Несколько секунд Павел сосредоточенно рылся в стопке разлохмаченных историй, но вскоре извлек одну, не толстую, но и не самую тоненькую, не самую потрепанную и рваную, но уже истертую и мятую.

– Сало Петр Виссарионович? Проживаете в Уровикинском районе? Оперировали вас… э-э… девять суток назад?

Обошлось без осложнений, припомнилось Павлу Андреевичу, опухоль была расположена в нижнем полюсе правой почки, оказалась небольшой – в три сантиметра. Время операции – минут сорок. Послеоперационный период протекал гладко, без конфузов. Инцидент, что приключился с больным в первые сутки, пока он находился в реанимационном отделении, серьезного внимания не заслуживал, такое случается. А больного и в самом деле пора было выписывать.

Родионов вяло переворачивал страницы, заполненные неровным спешащим почерком: дневники, эпикризы, анализы. И, наконец, заглянул в самый конец истории болезни и со стыдом убедился, что последняя запись о состоянии больного сделана им три дня назад. Стыдно, укорил он себя и отложил историю в сторону, решив, что оформит все завтра, а сегодня – ему не до того.

– Счастливого пути, Петр Виссарионович, – напутствовал он больного.

– Пока.

Сало покинул отделение ровно в шесть часов вечера. Выписался

***

Две недели назад.

Апатия, охватившая его, и слабость, и туман, застилающий мозги и глаза… нет, не туман, а жидкое прилипчивое дерьмо с отвратительным привкусом, что ощущался не только во рту, а будто бы везде, словно весь он от стоп и до макушки наполнен отвратительной субстанцией, не давали ему передышки – он не успевал подумать, возразить, отказаться, согласиться, сказать. Силы, которым он не мог противостоять, надернули на его мозг то ли черное шелковое покрывало, то ли брезентовый не проницаемый мешок.

“У-уу…умру!”

От этой мысли ему хотелось выть.

“Умру? Да!”

Он уже не верил, что останется жив.

“У-уу-умру я! А-аа-а, суки!”

Всем было наплевать.

Не всем!

– Вам срочно требуется операция, – сказал ему молодой настойчивый врач, осмотревший его в вытрезвителе.

– Операция?

Мысли-перья, серые и коричневые, лезли в прорехи… Они покалывали и щекотали, и беспокоили и, неожиданно набирая вес, сбивали с ног – валили в грязь, в пустоту, что расстилалась где-то за пределами поля его зрения. И не было ни сил ни воли отказаться.

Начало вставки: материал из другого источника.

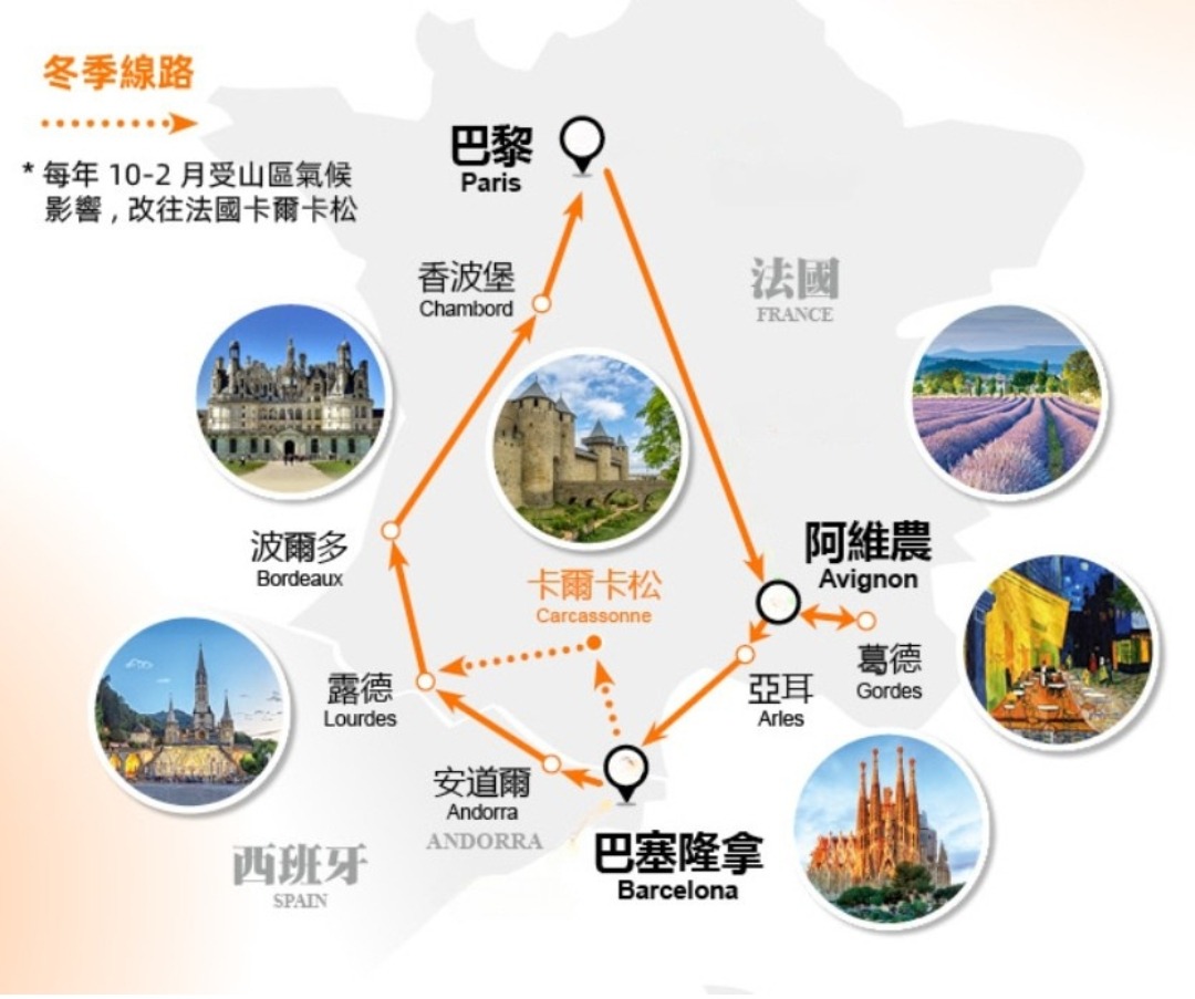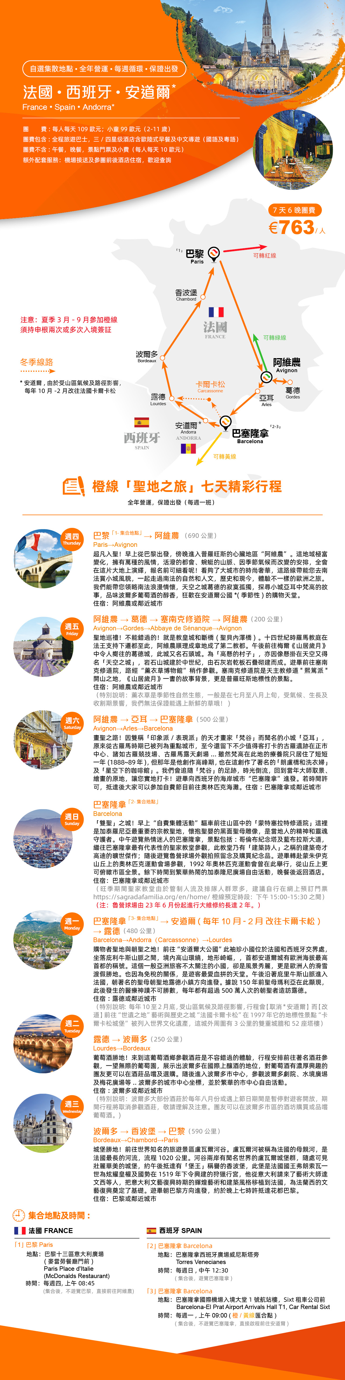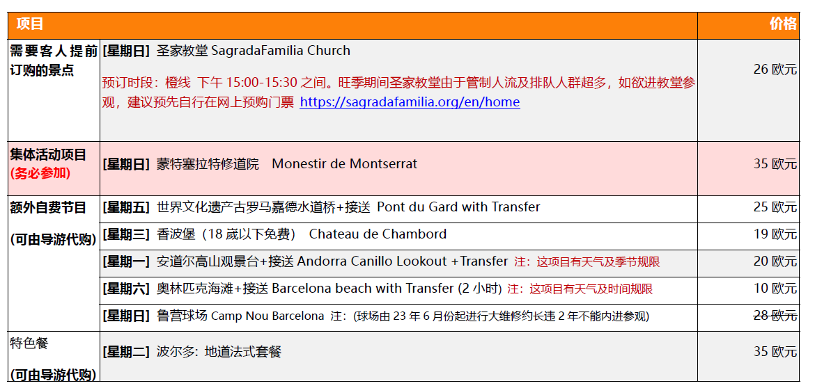 Tips:橙线可提供免费及付费接送机和参团前后酒店的城市:巴黎、巴塞罗拿。(免费接送机只在指定时间及地点提供)

– Оперируйте, суки! Жить хочу!

Его положили в больницу. Через несколько дней ему стало лучше, и стремление лечь на операционный стол пошло не убыль. На пятый день страх умереть под наркозом стал навязчивым, как похмелье, что не прогнать, не избавиться, на седьмой – превратился в манию.

Выхода из этой ситуации было даже два: первый – соглашаться на операцию и – будь что будет, второй – бежать и будь что будет.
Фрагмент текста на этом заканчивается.